In many ways, Niffelheim contains a number of mechanics similar to other survival titles such as Minecraft and Terraria. Although vastly different in its presentations and appearance, you’re still tasked with collecting resources such as wood and rock for building and berries and meat for eating. As you begin to collect your resources, you can then expand on your home dwelling by building a series of modifications to advance your character further. You begin with a small cave in which to reside, but in time, you can develop its being into a huge fortress that houses a number of annexes and defences, as well as provide a place of shelter, warmth, food and equipment.
It’s in this aspect that the game works in a very satisfying gameplay loop, as the more you explore and the more resources you gather, the more the game opens up and the further you can explore its regions.

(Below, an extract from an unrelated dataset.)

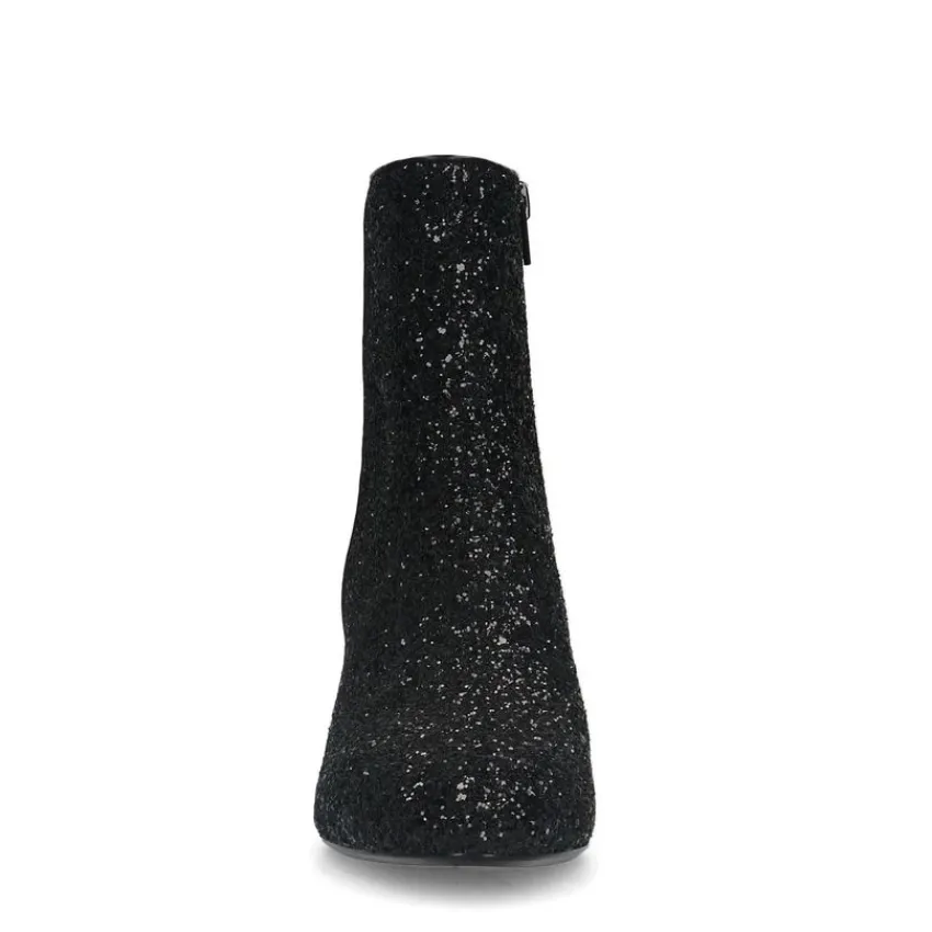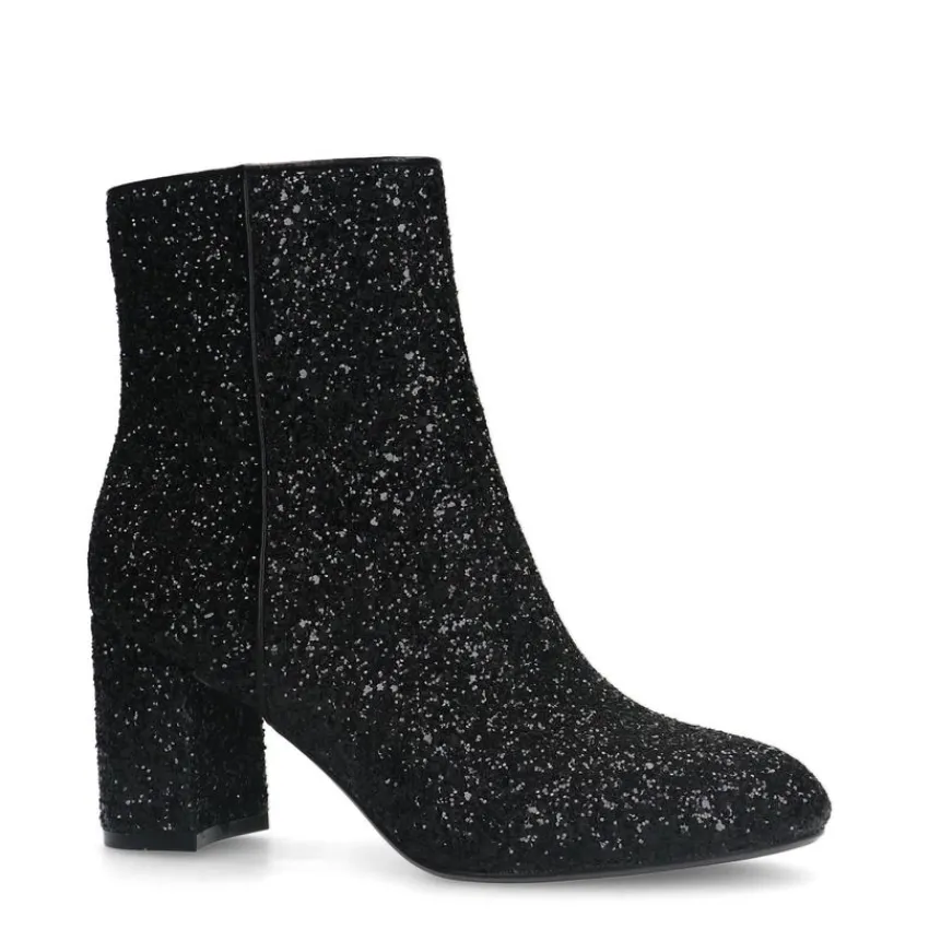 Zwarte glitter enkellaarsjes met hak van Manfield. Deze enkellaarsjes met hak zijn een échte eyecatcher welke ideaal te dragen zijn tijdens een feestje! Deze enkellaarsjes zijn voorzien van zilverkleurige glitters en hebben een blokhak met hoogte van 7 cm. Deze dames laarsjes kunnen gesloten worden door middel van een ritssluiting.

It works on a constant, levelling up of your character through your actions. For instance, the more trees you chop, the higher your wood-chopper rating increases, meaning you require less effort in future resource management. The more animals you kill, the higher your hunter rating and so on and so forth. This works alongside the development of your home, as the higher your skill ratings and the more resources you collect, the more you can develop in order to build new materials such as replenishing your worn out axes, swords, shields and armour.

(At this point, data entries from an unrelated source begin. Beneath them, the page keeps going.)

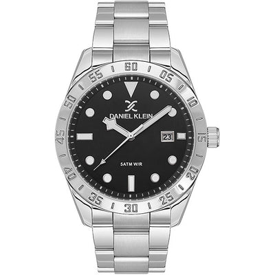 Daniel Klein 43mm mens diver style analog watch with a 22mm stainless steel strap, sunray dial, date calendar, 5 ATM W/R - Silver / Black Dial - DK13654-1. Design Inspired by Rolex Submariner.
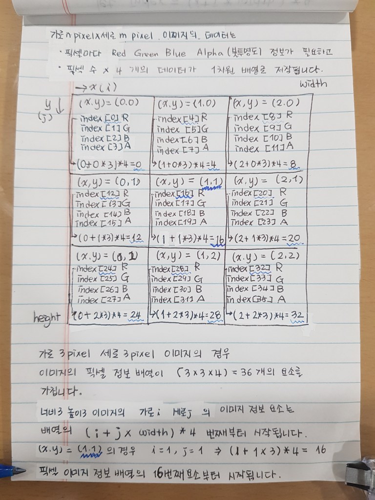 이미지의 픽셀 위치에 대한 이차원 배열과, 각 위치의 픽셀의 칼라정보를 담은 일차원 배열 관계를 노트에 정리해 보았어요~~^^*
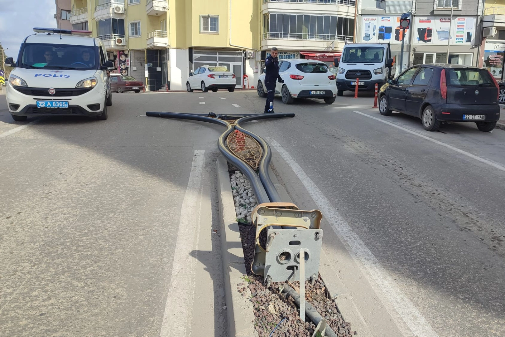 Alınan bilgiye göre, Muammer Aksoy Caddesi’ndeki bir aydınlatma direği, rüzgar nedeniyle yoldan geçen tarım aracının üzerine devrildi. Tarım aracının sürücüsü yaralanırken, ihbar üzerine olay yerine sağlık, polis ve zabıta ekipleri sevk edildi. Yaralı sürücü olay yerine gelen ambulans ile Keşan Devlet Hastanesi’ne kaldırılarak tedavi altına alındı. Aydınlatma direği de belediye ekiplerince yoldan kaldırıldı.
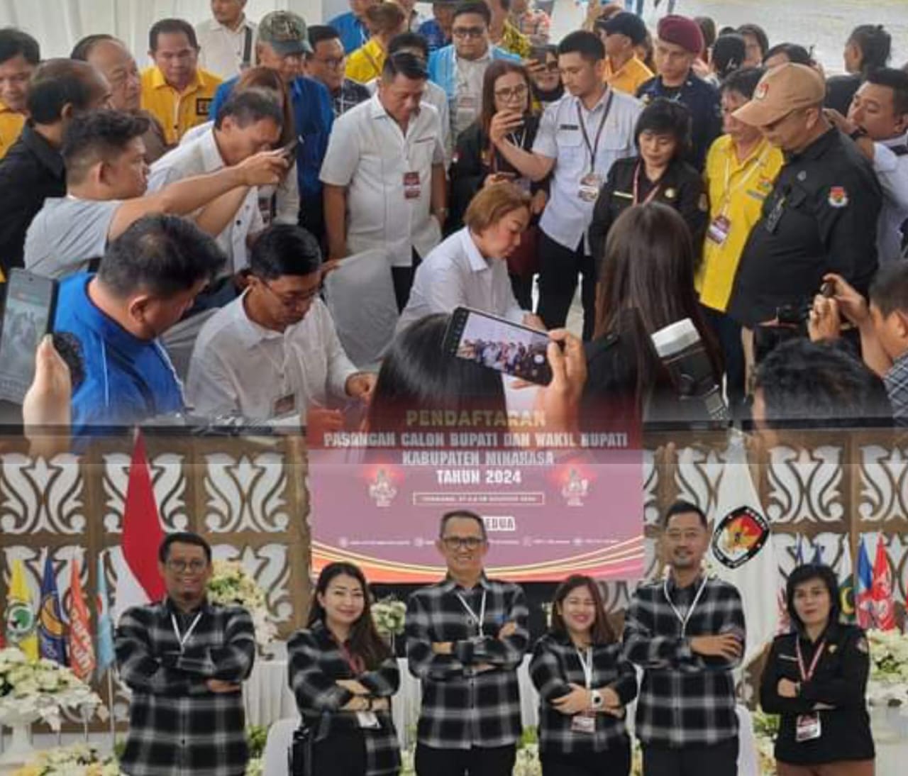 Dengan mengusung tagline “Minahasa Keter,” YLM-DRK tiba di KPU Minahasa pada pukul 14.00 WITA dan disambut hangat oleh Sekretaris KPU Minahasa, Stella S. Sompe. Kedatangan pasangan ini menambah semarak suasana pendaftaran calon yang telah dimulai sehari sebelumnya.

In order to collect the required items needed to survive, you must explore a vast number of regions and locations. However, the game also works on a energy resource system, meaning the more you do or the further you travel, the more energy your characters uses. This, in turn, is also another element of the game that needs to be catered for through feeding, resting and potion making to keep your strength optimised for your journeys and explorations. Again, your character levels also play a part here, as some regions or dungeons may not be fully explorable until you have reached a character level that allows you to advance. It’s a very clever system made up of a number of fronts, producing a level of gameplay that always rewards and pushes you forwards in your quest to reach Asgard.
In order to build the portal to freedom, you must confront a number of enemies that guard the fragments. This brings an element of combat to the game as well, although it is arguably, the weakest part of the overall gameplay. As well as hunting the wildlife of the lands, undead creatures, tortured souls and mythical monsters also roam the land. Slaying such beasts builds up your character to a level where you can take on a series of boss-like creatures that guard the fragments you require. Some of these boss levels produce some exciting encounters, with some colossal enemies that need to be slain.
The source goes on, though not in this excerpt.